Governing bodies do not draw boundaries around the physical gifts of extraordinary male athletes, excluding them from competition because they are somehow “more than male.” Yet the International Association of Athletics Federations does do this with female athletes. Eighteen-year-old sprinter Dutee Chand is the latest athlete to be barred due to the advantage she gains from naturally high androgen levels. Chand’s case – and her appeal of the ban – gets to the very nature of competition.

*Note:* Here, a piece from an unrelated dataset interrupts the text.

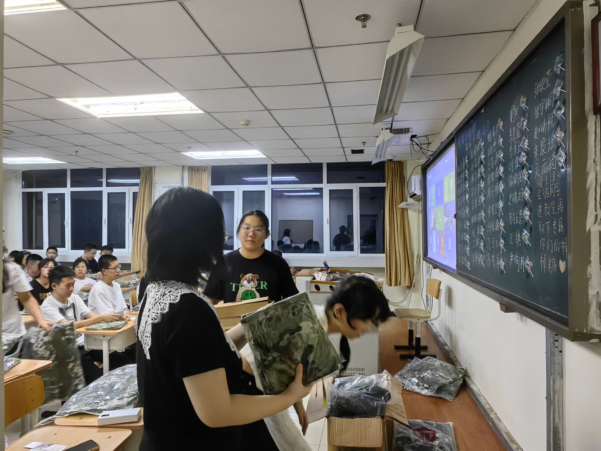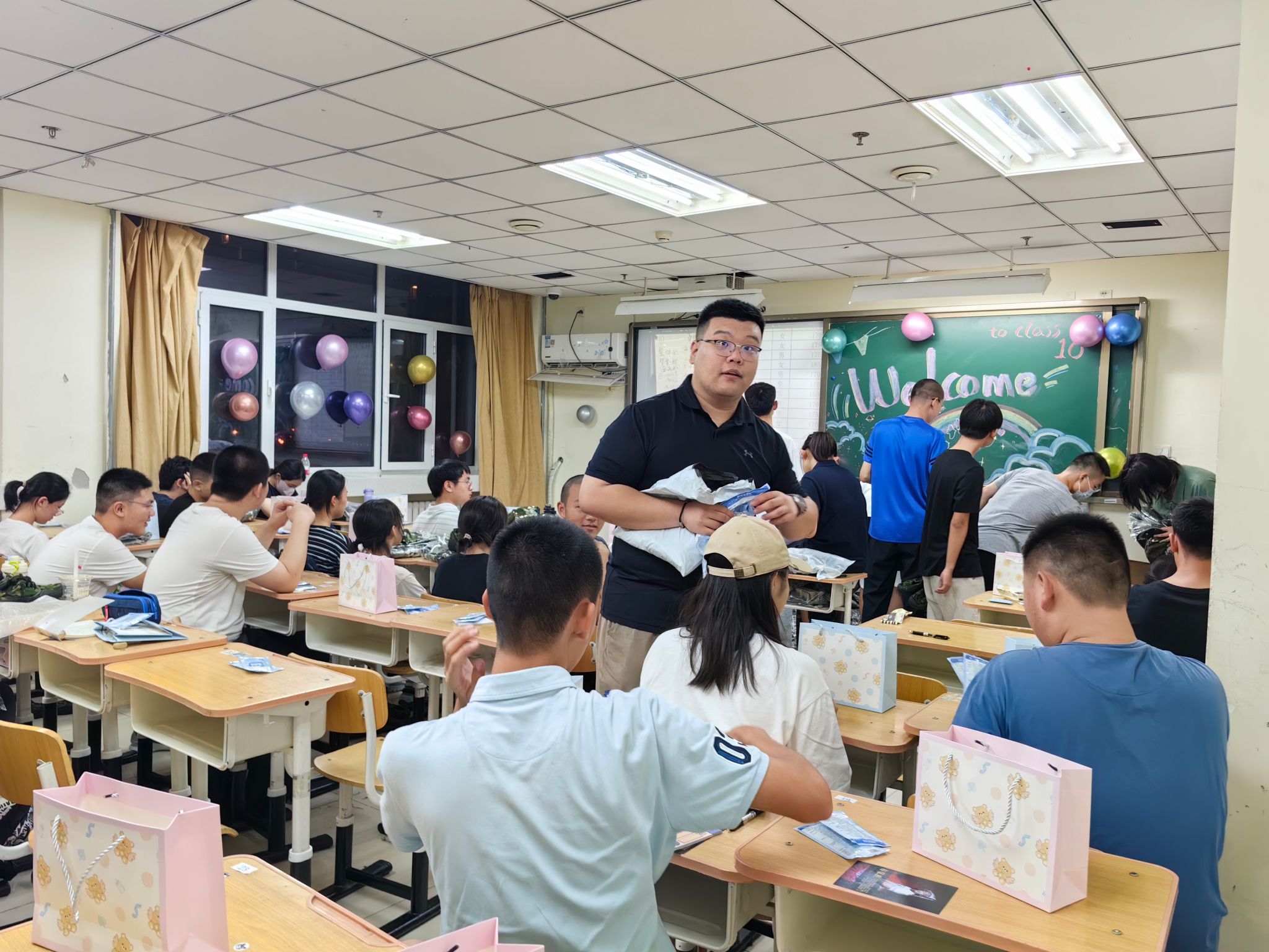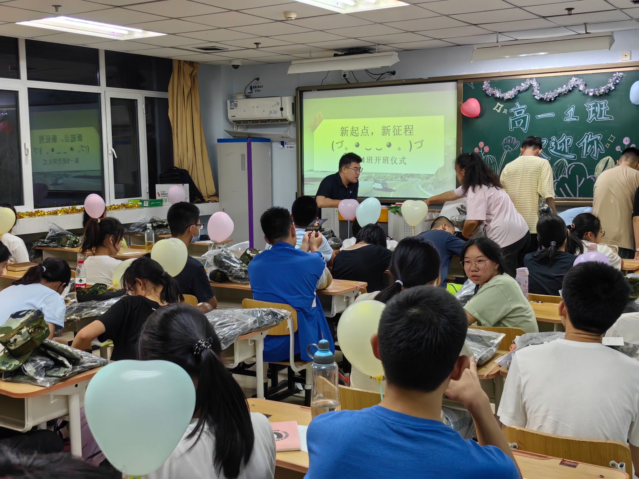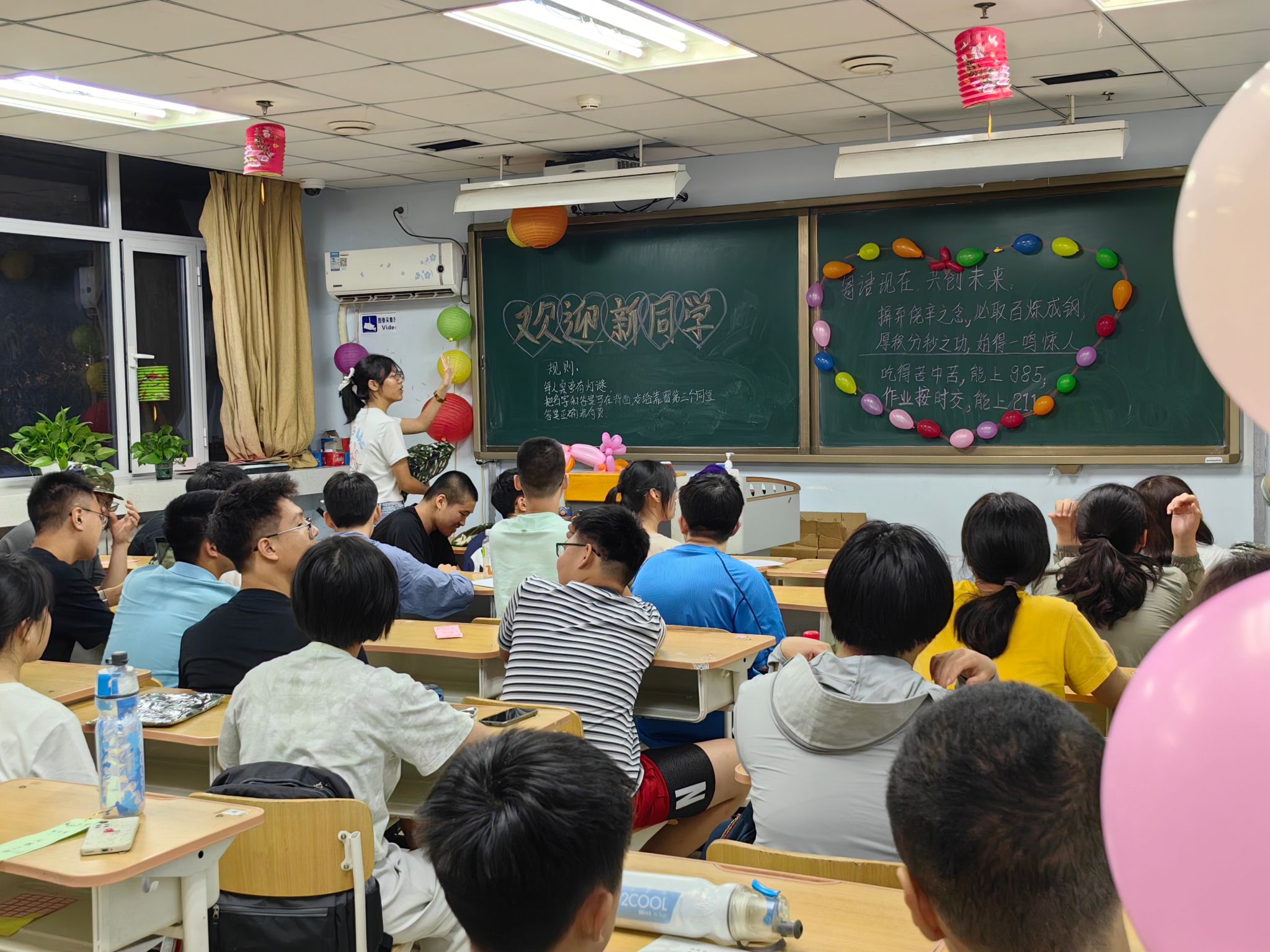 晚间夕会,同学们进入班级,班主任们精心准备了迎新板报、小礼物、灯谜游戏等,帮助同学们逐渐打破陌生、相互认识。

When Linda Hunt won the Oscar for best supporting actress in 1983, it was the first time anyone had taken home the trophy for portraying a character of the opposite sex. While the role of photographer Billy Kwan The Year of Living Dangerously required Hunt to don a fake moustache, her height (she is well under five feet tall) enabled her to portray Kwan’s dwarfism without special effects. Thus, alongside her own raw talent and dedication to her craft, she took advantage of her natural physique to top the competitive field and do something no one had ever done before.

No one accused her of cheating.

Dutee Chand is experiencing something different. Last year, the International Association of Athletics Federations banned the champion Indian sprinter from competition because of high testosterone levels. Chand’s testosterone is not connected to illicit doping, but rather a natural biological phenomenon known as Hyperandrongenism. Controversially, the IAAF uses testosterone as its primary measure to ensure that athletes competing as women are, indeed, women, and therefore not competing with an unfair advantage over their counterparts. According to the IAAF, for Chand to re-enter competition against other female athletes, she must – either chemically or surgically – lower her testosterone levels.

Chand is not the first to receive such a sentence from the IAAF, but she is the first to publically refuse to alter her body in order to conform with the rules. Chand has been clear: she does not want to medically interfere with something that her body produces naturally, even though that may give her a competitive edge. Unlike the uncounted number of women who have received similar sentences from the IAAF before her, Chand has appealed to the Court of Arbitration for Sport to be reinstated in her sport.